Charter Challenge Coming?

Ontario Provincial Police near Clinton Ont., in this file photo from Sept. 14, 2014. (Geoff Robins / THE CANADIAN PRESS)
Ontario Provincial Police near Clinton Ont., in this file photo from Sept. 14, 2014. (Geoff Robins / THE CANADIAN PRESS)

TORONTO – The Ontario government has passed a bill overhauling policing regulations in the province, saying it will strengthen oversight of law enforcement and redefine officers’ duties.

Bill 175, dubbed the Safer Ontario Act, passed in the legislature Thursday and offers the first updates to the Police Services Act in more than 25 years.

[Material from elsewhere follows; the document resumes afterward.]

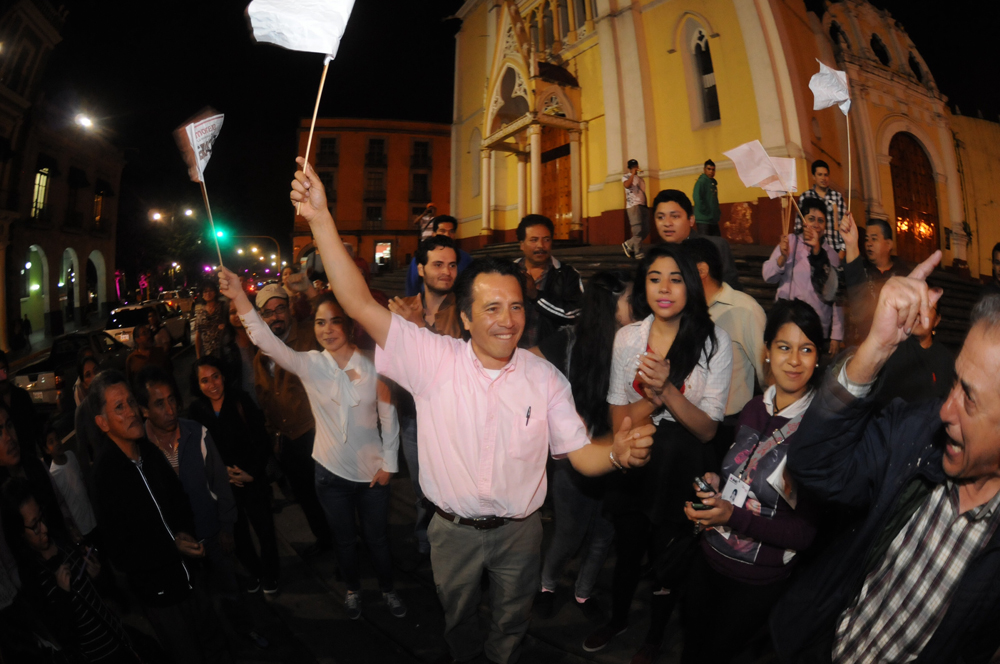Xalapa, Ver.- A las 11:00 de la noche Cuitláhuac García, candidato por el Movimiento de Regeneración Nacional (Morena) llegó a festejar a la Plaza Lerdo su triunfo a la diputación federal por el distrito 10 de Xalapa urbano, mientras alrededor de 50 personas lo acompañaban al grito de “¿A dónde están, esos priístas que nos iban a ganar?”.

One of the most significant changes involves expanding the mandates of the province’s three police oversight agencies, increasing the scope of what they can investigate and adding extra accountability measures.

The Ministry of Community Safety and Correctional Services says it revised the bill to reflect concerns voiced by police associations when the legislation was tabled last year.

But some of those police associations say they still have qualms about the bill, arguing it opens the door for privatization down the road by strictly defining officer duties and referring others for outsourcing.

Attorney General Yasir Naqvi says the long-sought updates to the province’s policing laws – which go into effect in a few months – will give forces the tools they need to do their work in the modern era.

“This bill is very much about strengthening the trust and respect between the police and the communities they serve,” Naqvi said. “The legislation we have passed today … really sets the framework for modern policing in 21st-century Ontario.”

Many of the changes stem from Appeal Court Justice Michael Tulloch’s report on police oversight, which made 129 recommendations aimed at increasing transparency and accountability for the province’s forces and the bodies that oversee their conduct.